- _What the exercise asks_
Return the data below exactly, please, but drop the pictures.

- _Supplied material_
=== Begin Enclosure ===

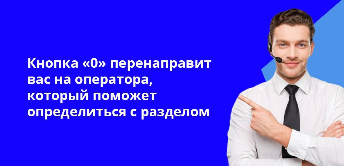 И в каждом разделе также может открывать свой классификатор, чтобы звонящий попал на нужного специалиста, который максимально компетентно ответит на вопрос. Если же вы не поняли, какой раздел вам нужен, тогда нажимайте “0”: оператор ответит в порядке очереди и перенаправит на нужного специалиста вручную.
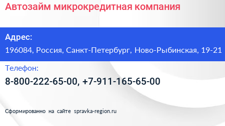 Автозайм, микрокредитная компания по адресу 196084, Россия, Санкт-Петербург, Ново-Рыбинская, 19-21 в дальнейшем Организация, размещена в следующих категориях:
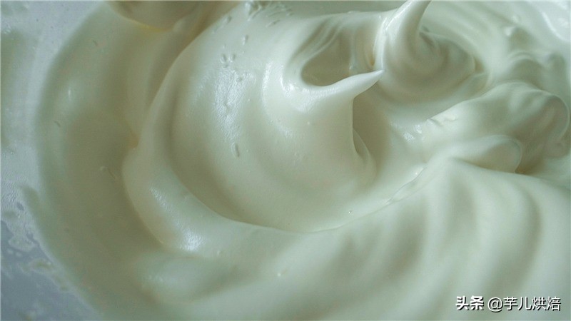 6.用电动打蛋器将蛋白搅打至鱼眼泡状态,分三次加入细砂糖搅打至硬性发泡状态。

=== End Enclosure ===

- _Answer for this exercise_
 И в каждом разделе также может открывать свой классификатор, чтобы звонящий попал на нужного специалиста, который максимально компетентно ответит на вопрос. Если же вы не поняли, какой раздел вам нужен, тогда нажимайте “0”: оператор ответит в порядке очереди и перенаправит на нужного специалиста вручную.
 Автозайм, микрокредитная компания по адресу 196084, Россия, Санкт-Петербург, Ново-Рыбинская, 19-21 в дальнейшем Организация, размещена в следующих категориях:
 6.用电动打蛋器将蛋白搅打至鱼眼泡状态,分三次加入细砂糖搅打至硬性发泡状态。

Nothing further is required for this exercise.